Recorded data
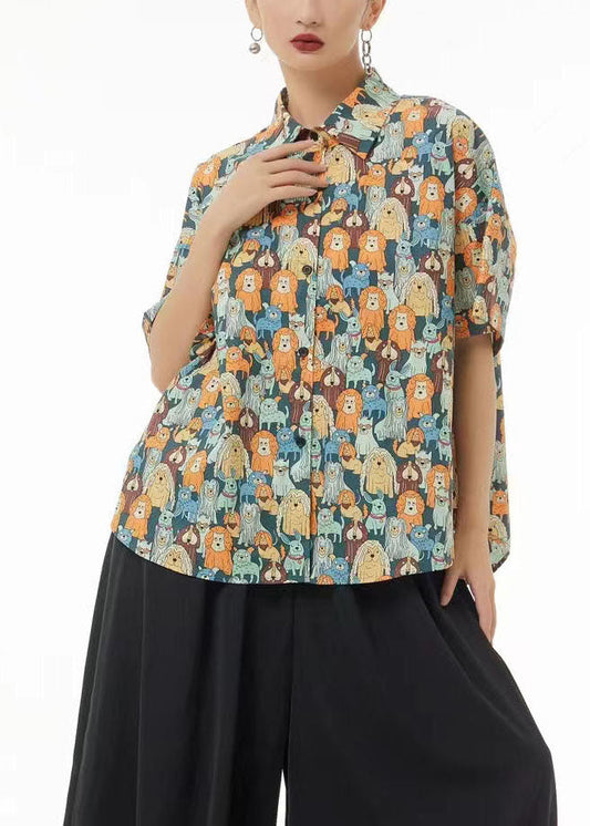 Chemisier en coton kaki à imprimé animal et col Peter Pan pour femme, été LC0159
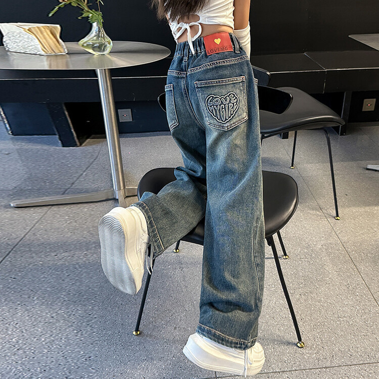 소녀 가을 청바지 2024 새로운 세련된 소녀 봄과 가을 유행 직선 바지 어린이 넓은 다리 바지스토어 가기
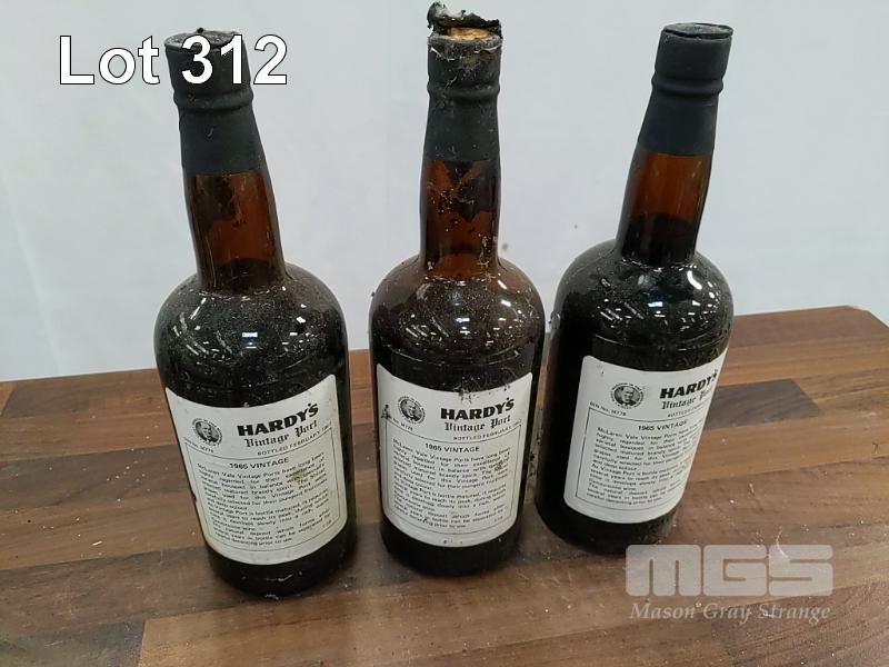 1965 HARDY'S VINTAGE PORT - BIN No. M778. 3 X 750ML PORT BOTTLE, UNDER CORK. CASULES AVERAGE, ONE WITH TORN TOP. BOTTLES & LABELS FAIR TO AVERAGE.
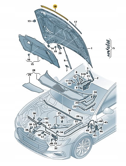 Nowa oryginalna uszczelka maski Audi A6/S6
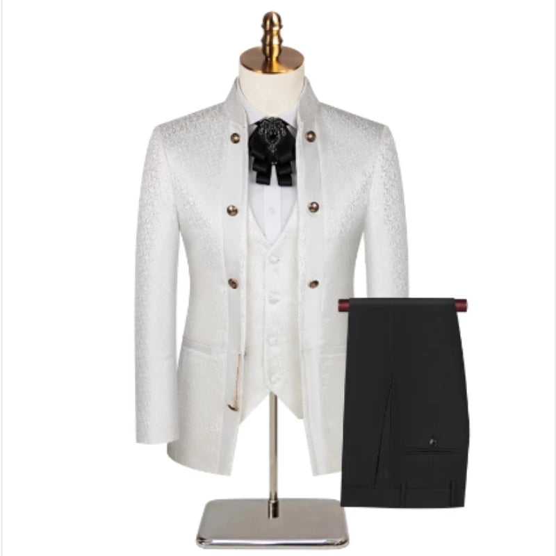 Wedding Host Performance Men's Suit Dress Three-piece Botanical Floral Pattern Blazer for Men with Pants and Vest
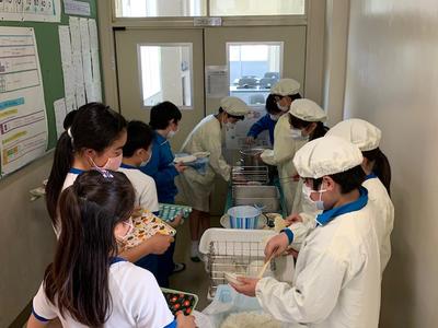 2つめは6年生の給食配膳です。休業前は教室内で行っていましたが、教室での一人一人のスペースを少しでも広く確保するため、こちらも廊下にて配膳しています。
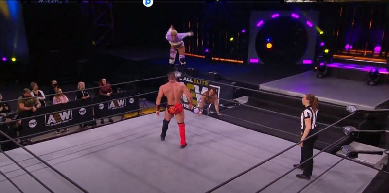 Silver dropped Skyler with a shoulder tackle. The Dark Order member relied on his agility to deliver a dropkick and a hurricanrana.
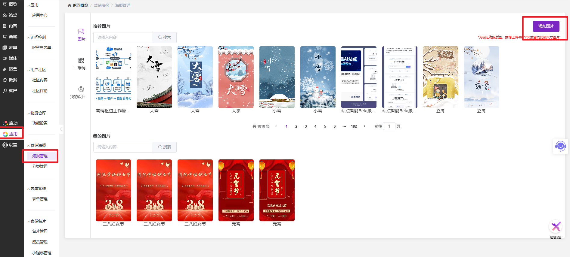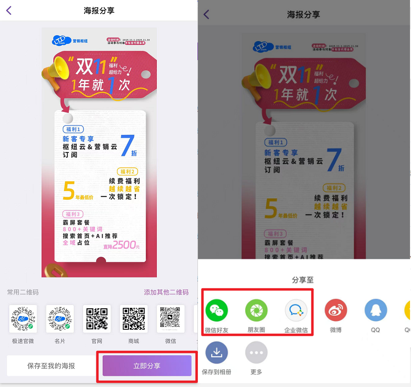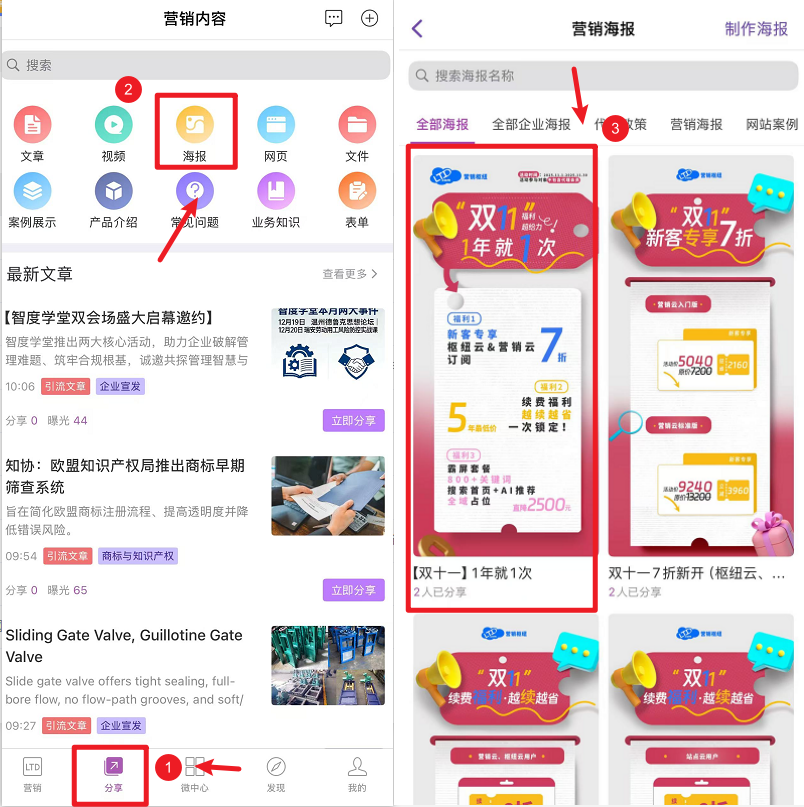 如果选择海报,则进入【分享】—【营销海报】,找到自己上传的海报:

Assigned task ::
The answer must be an exact copy of the lines above, from the start of the records through the line with "소녀 가을 청바지 2024", and of nothing else; no pictures belong in it.

Exercise answer ::
 Chemisier en coton kaki à imprimé animal et col Peter Pan pour femme, été LC0159
 소녀 가을 청바지 2024 새로운 세련된 소녀 봄과 가을 유행 직선 바지 어린이 넓은 다리 바지스토어 가기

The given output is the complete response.